Sara Dolfi Agostini on Michele Oka Doner’s The Palm Goddess for Malta
7th November 2022
The Palm Goddess for Malta represents an ancient idol of an indistinct past civilization, its green patina mimicking the bronze’s natural process of oxidation under the elements, as if centuries old. The body is an abstract combination of a palm trunk and an anthropomorphic creature, standing and leaning forward. The title clearly identifies a female figure, yet not a regular woman — this monumental sculpture is a goddess. From 10, 000 to 5, 000 years ago, most of the emerging civilizations around the Mediterranean basin had a mother goddess as the principal deity, and archeologists have counted hundreds of goddess-based religions. By the fifth century A.D., however, they had almost all been mysteriously eradicated. The Neolithic civilization in Malta was one of them.
The artist’s acquaintance with Maltese goddesses dates back to 1980 in London, when upon passing the window of an antiquarian bookshop, she noticed Stone Monuments, Tumuli and Ornament of Remote Ages: With Remarks on the Early Architecture of Ireland and Scotland (1870), published by John B. Day and written by English architect John Burley Waring (1823 – 1875). The book explores the characteristics of the Megalithic temples in Malta and Gozo and other powerful symbols of lost civilizations. It also dares to draw a correspondence between the architecture and shape of the temples and the bodies of the Maltese goddesses. Back then, the artist was making her renowned tattooed porcelain dolls, which were also inspired by the cross-pollination and hybridization of natural forms, human rituals and the landscapes we collectively inhabit.
Michele Oka Doner’s interest in books, history and archeology comes from embracing a very personal path of aesthetic investigation, which has encountered both critical and public praise. In fact, when she graduated from university, everyone was conforming to the charms of Pop Art and Colour Field Painting, yet she decided instead to pursue her research on the human form in a primitive way, through readings, rituals, explorations and old school, labour-intensive art making. What seemed a foreign language in her work was in reality an expression of the “mere being” of life, to quote Wallace Stevens’s famous poem. Today, her practice invites the audience to partake in a sensory discovery of ancient cosmologies and natural elements which interrogate where we come from and unveil the communal roots of human identity.
At a time when the Western World is resuming wars after only a few decades of relative peace following WWII, deterrents once again have been turned into weapons, and climate change now exposes an urgent need to redefine the relationship between humans and nature, a palm goddess seems prescient, a timely epiphany that what is past is prologue.
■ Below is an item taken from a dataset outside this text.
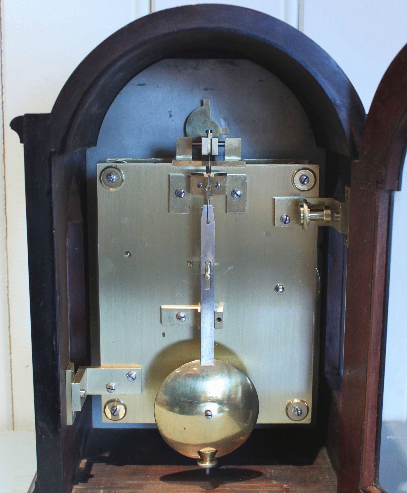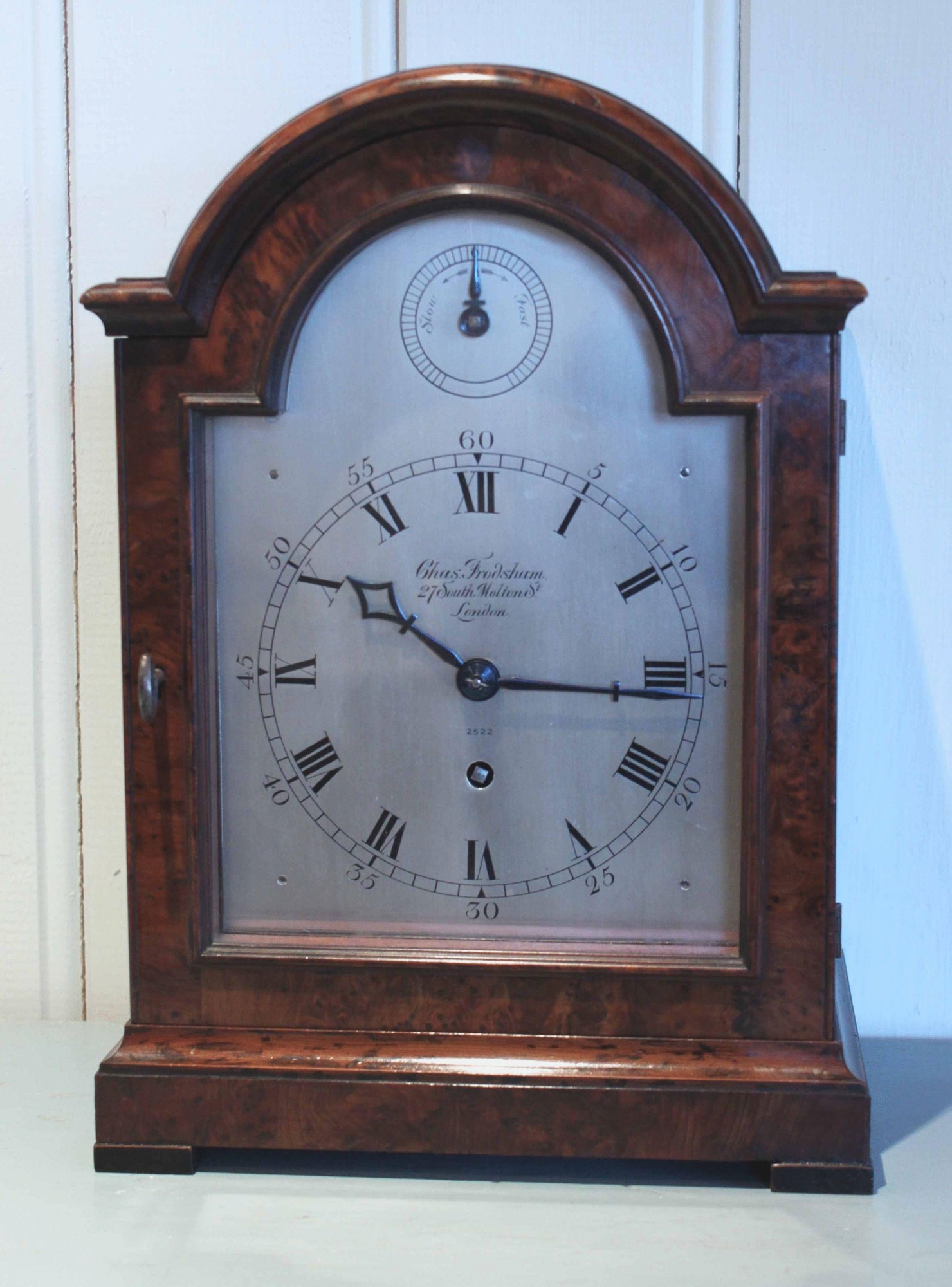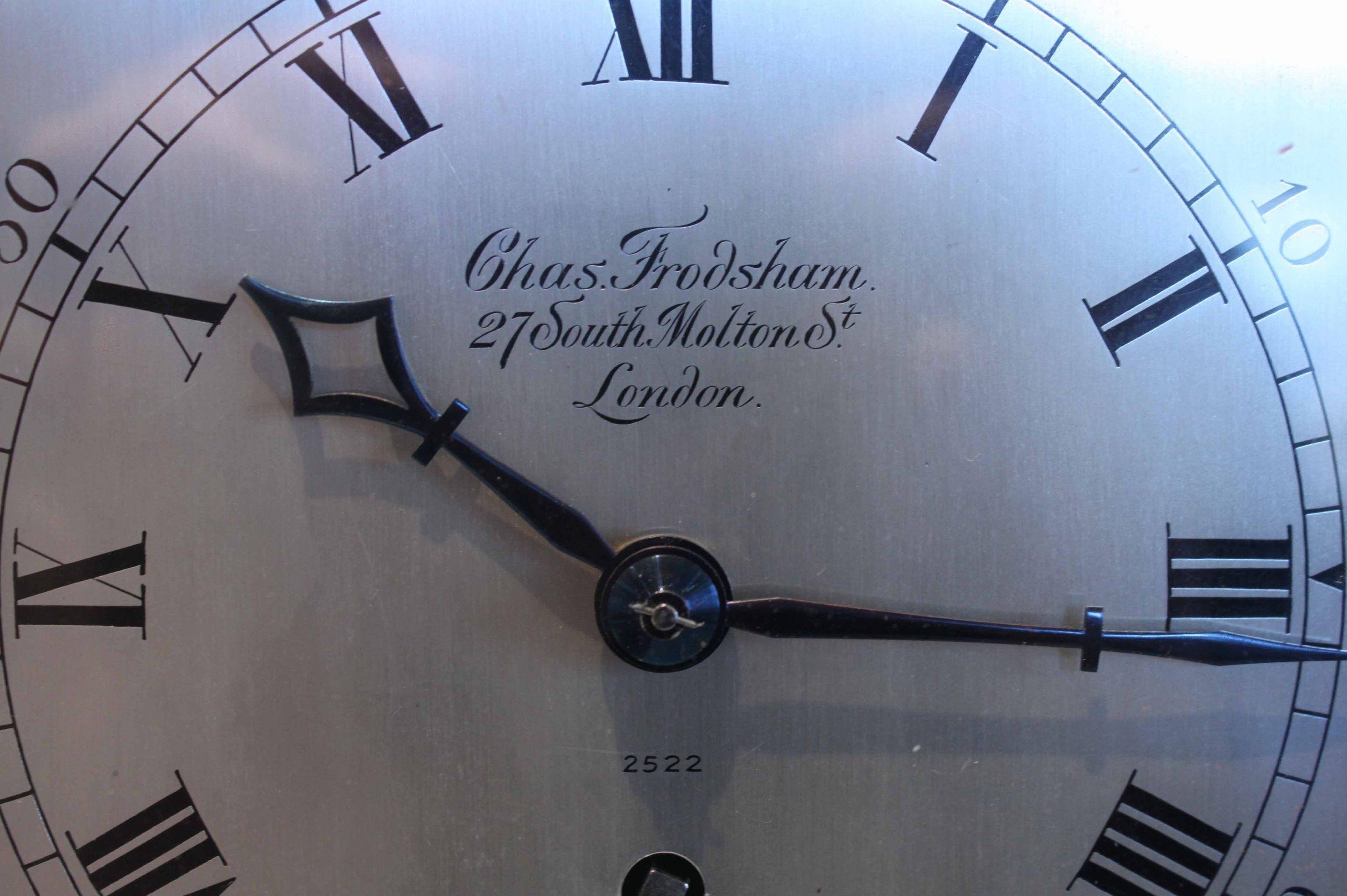 A very high quality bracket clock by Charles Frodsham. It has a figured yew wood break arch case with glazed side windows and back door. The silvered brass dial is engraved Chas. Frodsham, 27 South Molton St. London. numbered 2522. The dial has a pendulum rise and fall regulation scale within the arch. It has a very heavily engineered 8 day chain fusee timepiece movement, with a pendulum holdfast for transportation. Complete with original winder.

The nature-inspired element of the goddess, the palm tree, is a universal symbol encompassing many goddess-based civilizations and religions of the Western hemisphere. As the tree of life, the palm tree has been associated with Mesopotamian sects, Jewish mysticism, the rise of Islam, and it has been a recurring presence in the Christian Bible. For the artist, born and raised in the strip of land that constitutes Miami Beach, the palm tree is also a reassuring vision of nourishment — grace and shelter sprout from a fragile ecosystem threatened by rising sea levels, which seems to epitomize the crucial questions of climate change during the so-called Anthropocene, the current epoch in geological time of dangerous human domination over nature in the name of progress.
The Palm Goddess defies a modern definition of time based on speed, performance and appearance, confronting the consecrated columns of turbo-capitalism, to honor the slow cycles of nature that connect past to present. An archetype that is both sacred and worldly, the palm tree embodies protection at a transcendent level the artist has conveyed with both figurative and metaphorical elements. The ancestral branches on the trunk of the tree – both relic and record of what once was – are very pronounced as if they could expose the invisible layers of history. The body of the sculpture is turned and twisted, spiraling upward and forward as if the higher branches were in fact wings unfolding behind it. Michele Oka Doner displays the accretion of time, and as she reconnects past, present and future, she also pays discrete homage to the Nike of Samothrace and the Statue of Liberty, two familiar icons – of the old and modern worlds, respectively – which combine strength, welcoming values and forward vision.
In fact, The Palm Goddess’s multifaced bronze surface seems to hide a rougher, more intuitive soul, one that encapsulates the ever-changing nature of truth, while its many angles command an aesthetic experience that can neither be commodified nor consumed for instant optic gratification. In a way, the sculpture ostensibly resists Susan Sontag’s 1977 prediction that everything exists to end in a photograph, as different bystanders will see different images in it, or change their initial first-sight impression as they confront it over and over again. Getting to know the Goddess truly requires a slow process of appreciation. As often happens in the artist’s practice, the artwork is a device to think of a future in pre-industrial terms, when change was inscribed in geological rather than human time – in harmony with nature and the astronomical cycles, before human hubris had endangered the planet.